お昼の番組の視聴率争いにちょっと異変が起きている。目立って話題に上らないが、TBS「ひるおび」が、フジテレビ「笑っていいとも」を抜いて同時間帯トップに躍り出ることが幾度かあるのだ。最近では6月14日(火)の放送がそうだった。不妊症高齢出産の野田聖子議員を紹介するなどで7.2%を獲得している。しかも、その日はテレビ朝日「ワイド!スクランブル」が2位に食い込み、「笑っていいとも」は3位となる結果となった。翌15日(水)は「ひるおび」と「笑っていいとも」が同率トップに。もちろん、長いスパンの中で見れば時々のケース。とはいえ、気になる動きだろう。

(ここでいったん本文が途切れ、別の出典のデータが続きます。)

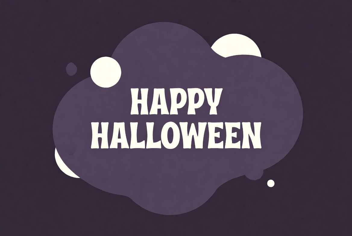 Halloween, Halloween card, Halloween text, bold letters, clipart, digital art, festive design, fun Halloween, holiday greeting, illustration, party invite, purple background, purple bubble, seasonal graphic, speech bubble, spooky holiday, vector graphic, white bubbles, white text, Happy Halloween
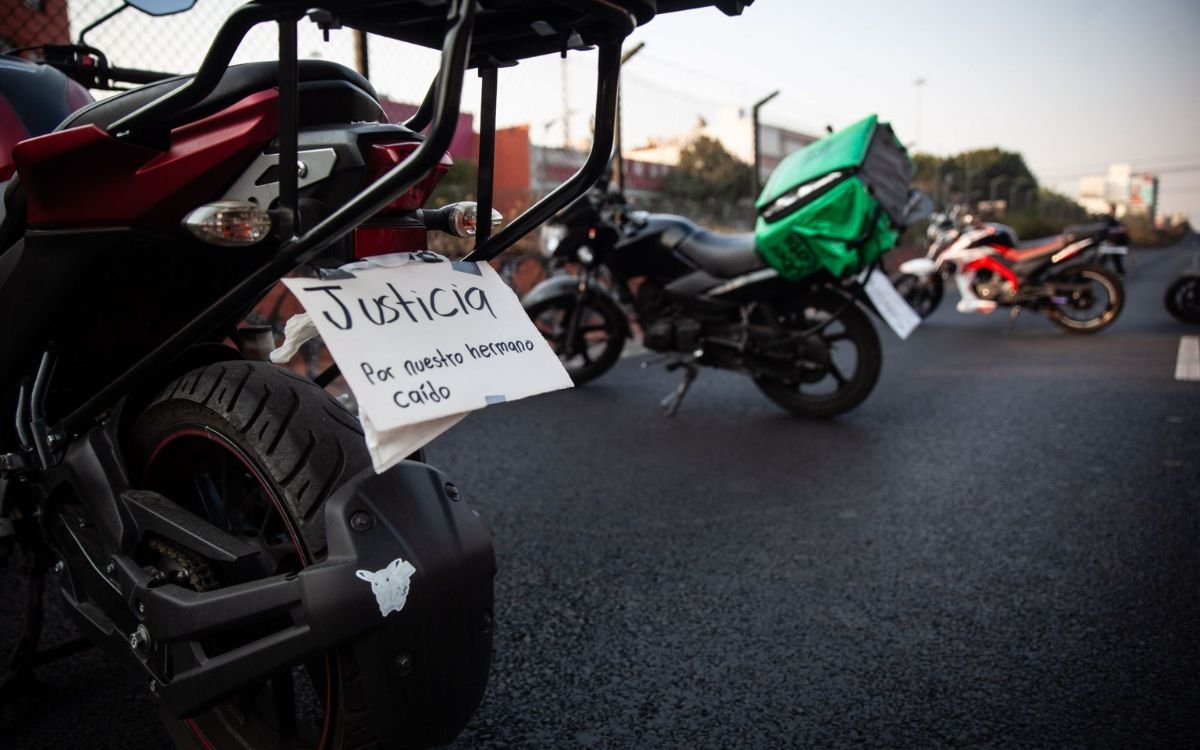 Este lunes, diversos motociclistas de la Ciudad de México, en su mayoría repartidores de aplicación, se manifestaron en la Avenida Tlalpan a la altura de metro viaducto por el asesinato de Roberto Hernández.
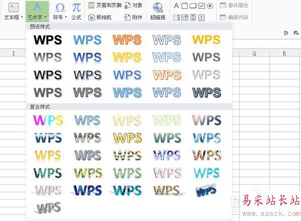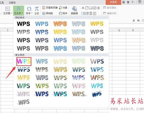 4、點擊藝術字選項,進入其子級菜單區,如圖所示:
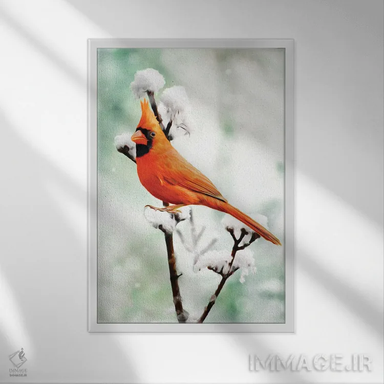 «کارباورال شمالی بر شاخه برفی» اثرِ «لورا دی یانگ» میتواند در کنار رنگهای خنثی، تضاد دلچسبی بسازد؛ برای دکورهایی با رنگهای خنثی پیشنهاد میشود. با قاب چوبی یا مشکی، حس مرتبتری پیدا میکند.
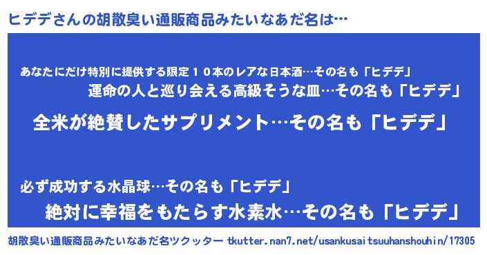 | 意味不明あだ名 | 『とにかく怪しいヒデデ』 |
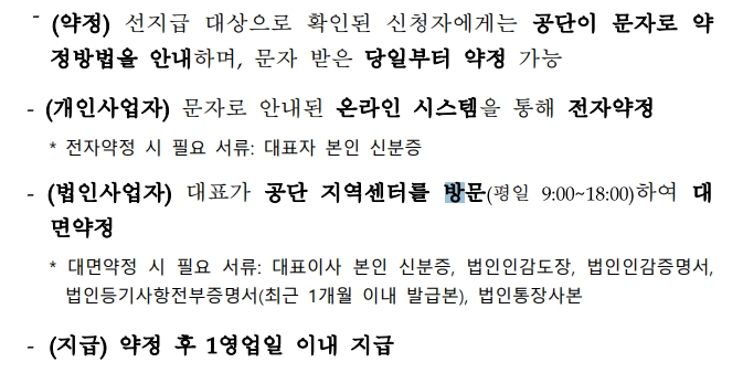 ① 신청 후 선지급 대상자 확인되면 소상공인시장진흥공단에서 약정방법 안내 문자 전송
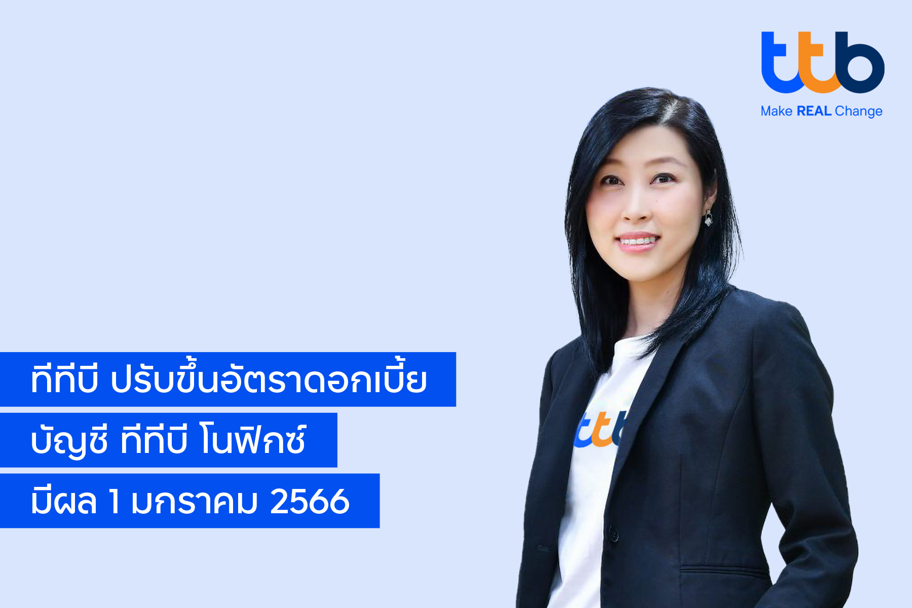 ทีเอ็มบีธนชาต หรือ ทีทีบี ประกาศปรับขึ้นอัตราดอกเบี้ยเงินฝาก บัญชีทีทีบี โนฟิกซ์ เป็น 1.10% เพื่อส่งเสริมวินัยการออมให้คนไทย และรับผลตอบแทนดอกเบี้ยในช่วงทิศทางขาขึ้น นำไปใช้จ่ายในชีวิตประจำวัน มีผลตั้งแต่วันที่ 1 มกราคม 2566 เพื่อเป็นของขวัญปีใหม่
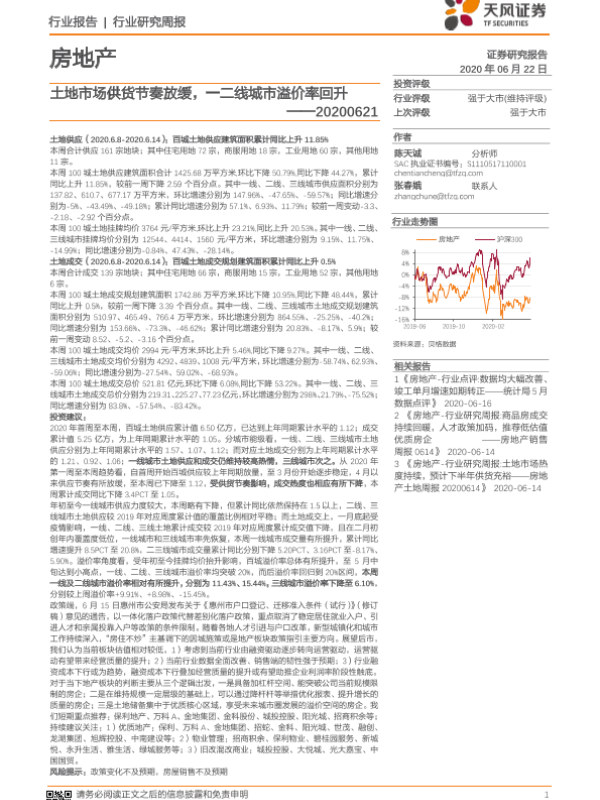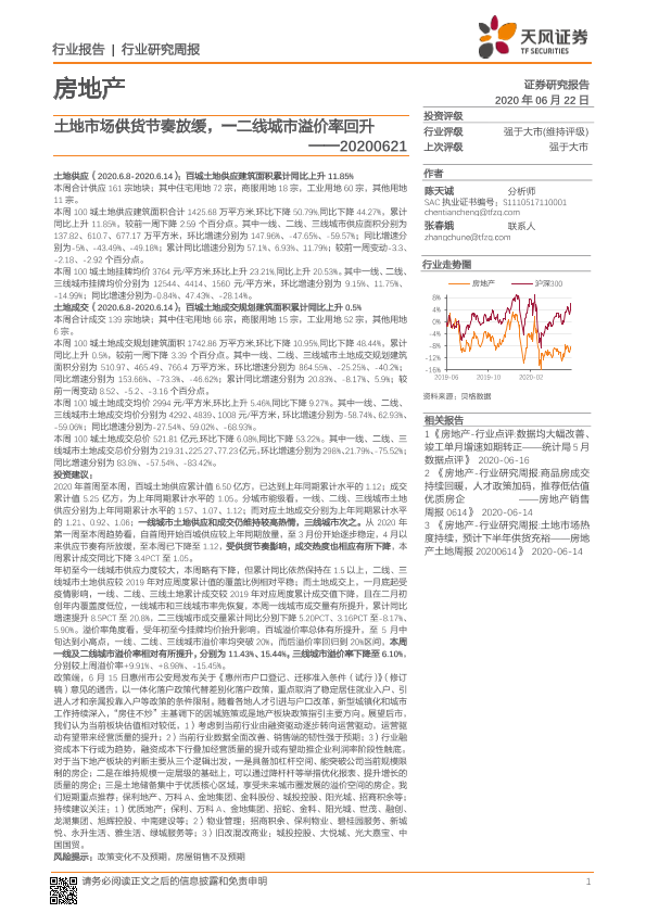 【天风证券】【20200622】土地市场供货节奏放缓,一二线城市溢价率回升-8页
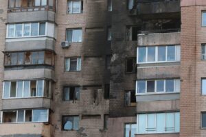 Smoke marks on the facade of a residential building damaged during a Russian drone and missile strike, amid Russia’s attack on Ukraine, in Kyiv, on October 22, 2025.
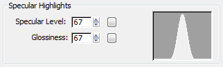This curve shows the effect of adjusting the values of Specular Level and Glossiness. As you decrease Glossiness, the curve grows wider; as you increase Specular Level, the curve grows taller.
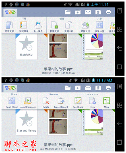 以往的WPS移动版安装包仅支持单语言,如果是中文版安装包,则只包含简体中文语言界面。此次新版本更新之后,安装包将默认支持中文、英文两种语言,可以满足不同用户的使用习惯。WPS移动版将会根据设备的系统默认语言切换界面。
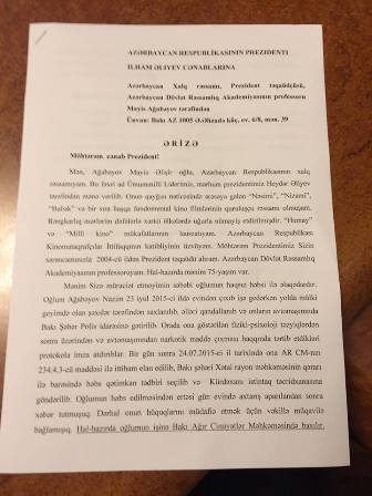 Meydan TV-nin rəhbəri Emin Millinin qayınatası, tanınmış xalq rəssamı Mayis Ağabəyov prezident İlham Əliyevə oğlu Nazim Ağabəyovun həbsi ilə bağlı müraciət edib. Modern.az saytı xəbər verir ki, müraciətin bir nüsxəsini “Qafqazinfo”ya göndərən Mayis Ağabəyov Emin Millinin Azərbaycan dövlətinin əleyhinə kampaniya apardığını və kürəkəninin fəaliyyətini yaramaz olduğunu bildirib:
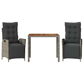 vidaXL Matgrupp för trädgården med dynor 3 delar konstrottning grå 3213344
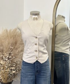 ” Cove ” Linen Vest Top ( Oatmeal )
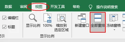 想要切换排列方式,在【视图】选项卡下选择【全部重排】
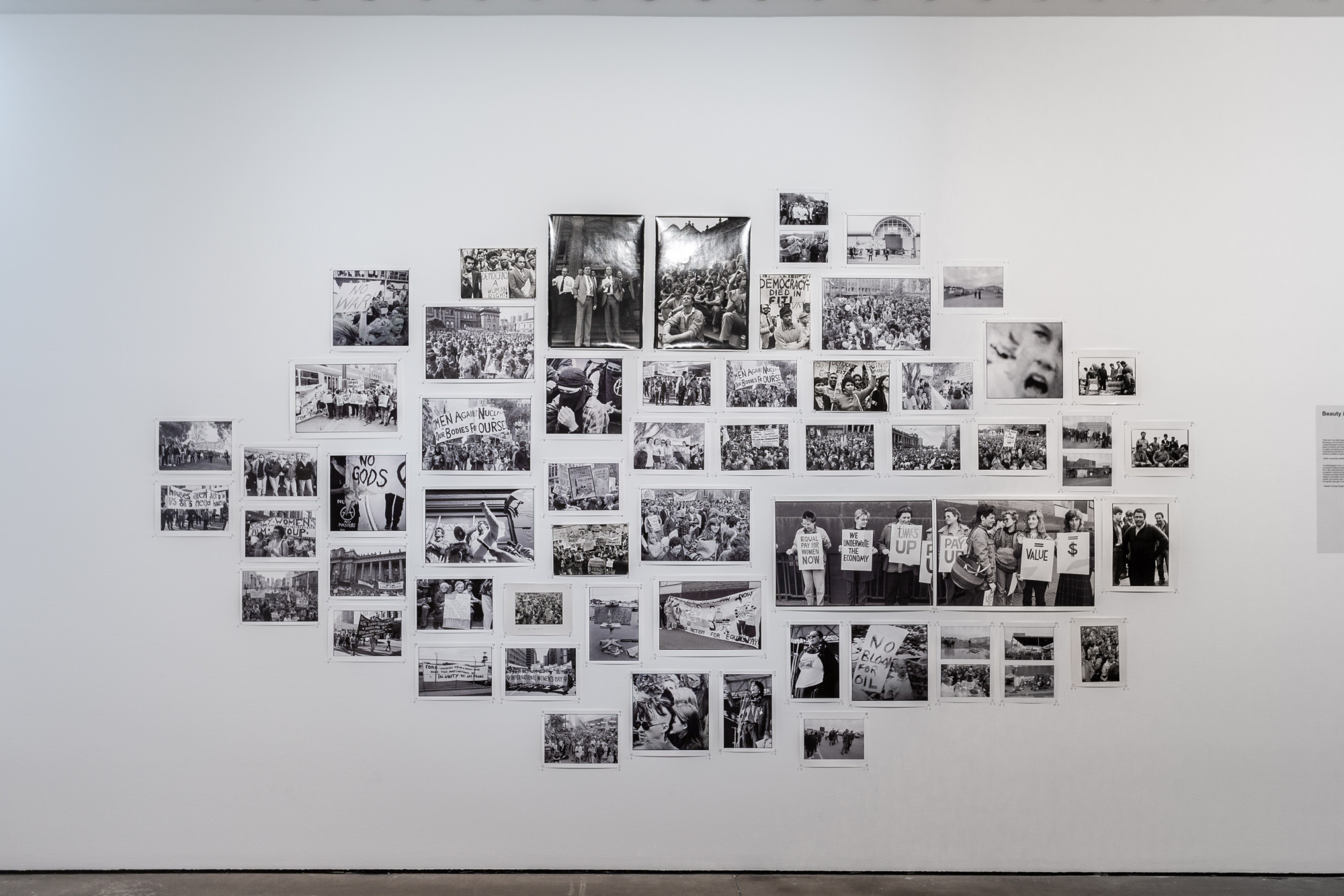 Ruth’s politics are reflected in the creative feminist communities she documented. It is most evident in one of the largest clusters of framed and unframed portraits of the many artists, friends, performers, writers, photographers who have crossed paths with her camera over the past four decades. In a series next to these portraits, Ruth documents rallies, protests and picket lines from the 1970s to late 1980s in a series of black-and-white prints. We see in them groups of women holding hand-painted signs: “EQUAL PAY FOR WOMEN NOW”; “LESBIANISM: THE ONLY SOLUTION”. This collectivism gets flattened by the individualising slogan that “the personal is political”, which is found on one wall label to suggest private personal interiority rather than the public political action documented in these photographs.
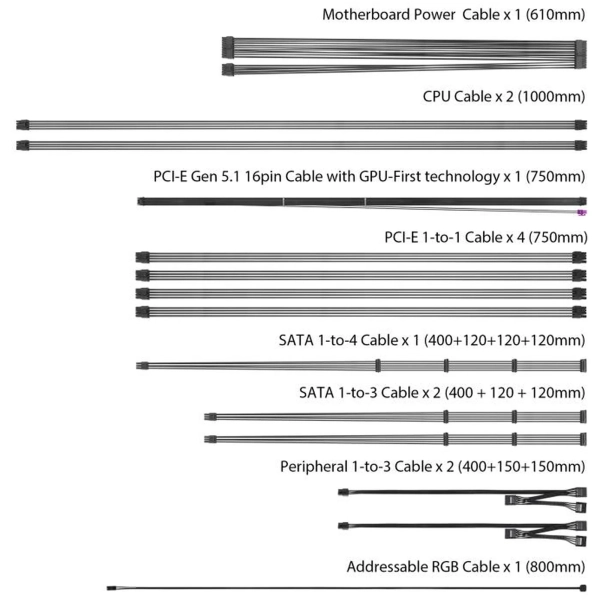 - Длина кабелей для питания материнской платы/процессора/видеокарты/SATA, см
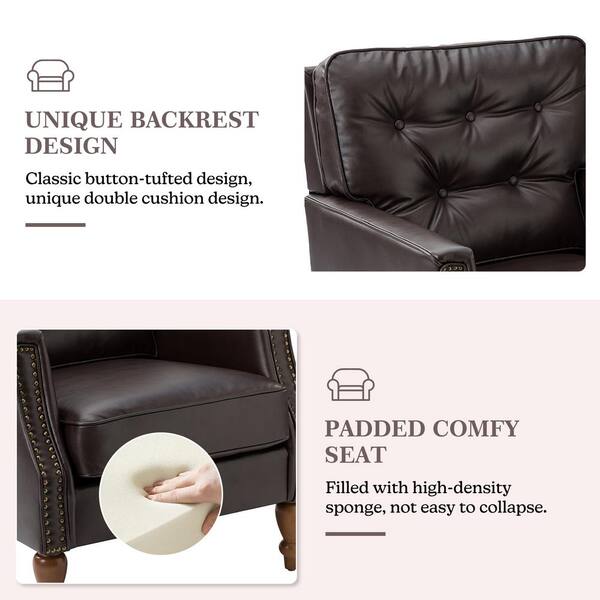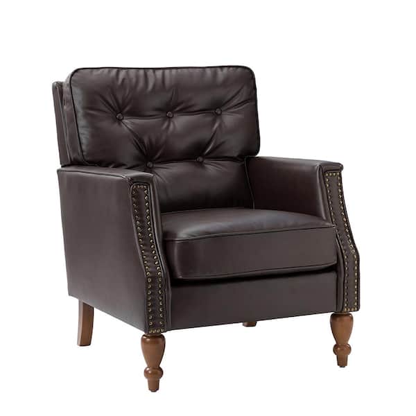 Hunfried Brown Vegan Leather Armchair with Solid Wood Legs
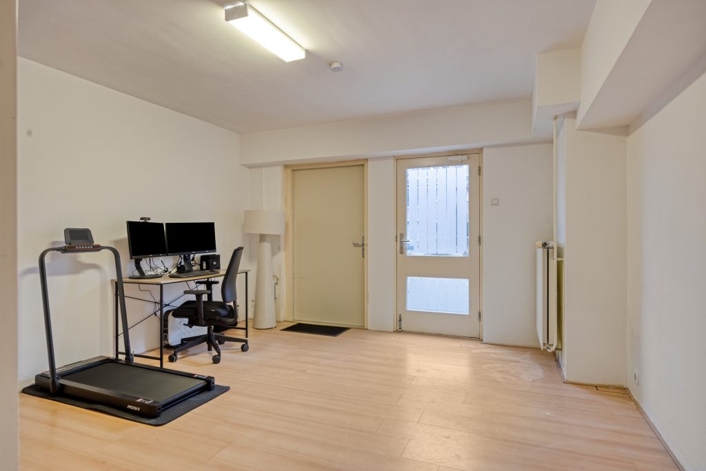 Eveneens een multifunctionele ruimte/kamer aan de voorzijde (voorheen garage) met laminaatvloer en 2 deuren naar de oprit aan de voorzijde. Hier kan men dus heel gemakkelijk een toegang hebben voor een praktijkruimte of kantoor aan huis.
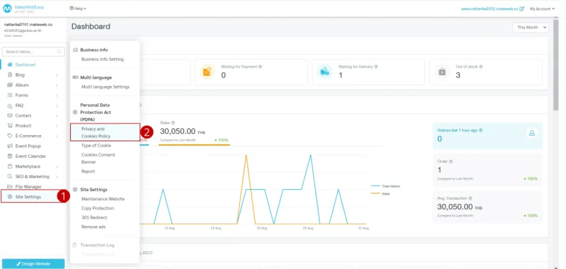 1. ไปที่แถบเมนู ตั้งค่าเว็บไซต์ > พ.ร.บ. คุ้มครองข้อมูลส่วนบุคคล
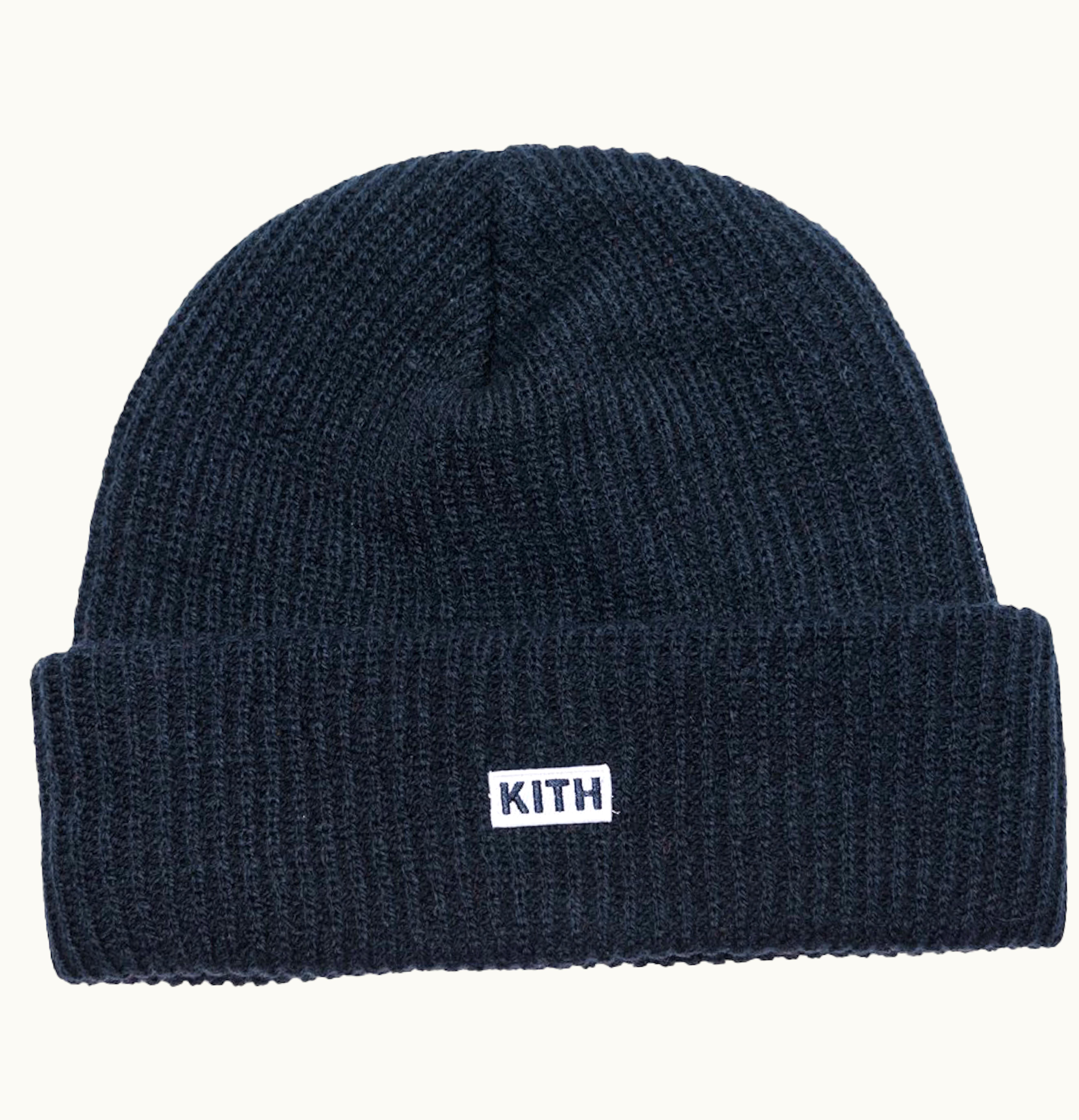 Kith Classic Logo Knit Beanie Navy | GLINT

というのも、このお昼の時間帯、TBSにとっては鬼門なのか、長きにわたり苦戦を強いられてきた。それが今年度に入り、4月19日に6.6%を獲得、「笑っていいとも」を上回り同時間帯トップとなった。なんと1987年以来、実に24年ぶりのことというから、TBS社内ではちょっと沸いたことだろう。その日以降、何度かトップを記録するのだから着実に芽が出始めたと言っていい。
大きな要因は、日本テレビがこの4月に番組を刷新したことが言える。中山秀征の「DON」を終了させて、南原清隆の新番組「ヒルナンデス」で勝負をかけた。「笑っていいとも」に対抗すべくバラエティ路線を打ち出したのだが、視聴率は「DON」の半分程度3~4%の推移にあって苦戦する。視聴者は流れて「ひるおび」に好影響をもたらしていると見られるが、TBSによると、今年1月末から2週間、「みのもんたの朝ズバッ」「はなまるマーケット」「ひるおび」この3つの情報番組を中心に展開した「ココロ元気week」が好評を博し、そのあたりから数字が上向いてきたという。視聴者と番組の絆を謳うハート・プロジェクトの内容が支持されたようだ。3月の大震災により視聴者の価値観に変化も見られ、春以降の数字に繋がっているのかもしれない。ちなみに「ひるおび」には、総選挙で3位に躍進したAKB48の柏木由紀が天気コーナーで登場している。
日本テレビは、安定した人気番組、朝の「ズームイン!! SUPER」をあえて終了させ、MC桝太一(日テレアナ)と関根麻里の「ZIP」をスタートさせたが、こちらも出足し苦戦する。このため朝帯はフジテレビ「めざましテレビ」の独走状態。日本テレビは朝も昼も裏目に出た格好だが、「ZIP」は、じわり上昇し始め、「ヒルナンデス」含め、ターゲットを意識し将来を見据えた戦略がこの先どう推移するかが見守られる。
TBSはこの6月20日から「ココロ元気week」第2弾を展開し「ひるおび」の定着を期待する。日テレも「ヒルナンデス」のテコ入れに着手。テレビ朝日も虎視眈々と上位を狙い、やや先行する「笑っていいとも」もパワーアップなるか。お昼の番組戦争も激しい火花が散っている。